Just to point out its not a drug, this low carbs is a first for me lol effecting my head

Ye so maybe proper load up on it with post workout drink with vitargo?


----------



## ausbuilt (Nov 22, 2010)

i used it every day on my keto diet- along with 3iu of 'slin (Carbless) pwo. I used 3g/day.


----------



## ausbuilt (Nov 22, 2010)

standardflexer said:


> Just to point out its not a drug, this low carbs is a first for me lol effecting my head
> 
> Ye so maybe proper load up on it with post workout drink with vitargo?


carnitine only helps transport fats to be used for energy in the absence of carbs- if you take it with carbs/vitargo.. waste of time.


----------



## T_Woody (Jul 16, 2008)

ausbuilt said:


> carnitine only helps transport fats to be used for energy in the absence of carbs- if you take it with carbs/vitargo.. waste of time.
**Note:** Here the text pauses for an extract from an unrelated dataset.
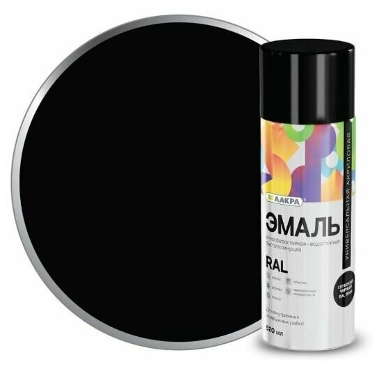 Купите эмаль аэрозольную ЛАКРА акриловую универсальную RAL 9005 Глубокий черный 520 мл! Быстро сохнет, подходит для любых поверхностей, обеспечивает стойкое глянцевое покрытие. Надежность и универсальность по выгодной цене! Доставка по Красноярску и России

My shake has Lcarnitine in it along with others, obviasly the shake has minimal carbs, how minimal are we talking that it would become useless?


----------



## ausbuilt (Nov 22, 2010)

T_Woody said:


> My shake has Lcarnitine in it along with others, obviasly the shake has minimal carbs, how minimal are we talking that it would become useless?


carnitine has no function in glycolysis:

http://en.wikipedia.org/wiki/Glycolysis

but, carnitine has a DIRECT role in Ketosis:

http://www.nejm.org/doi/full/10.1056/NEJM198001103020223

http://www.ncbi.nlm.nih.gov/pubmed/572000

what you can draw from this is ketosis uses carnitine stores, so supplementing is important on a ketogenic diet.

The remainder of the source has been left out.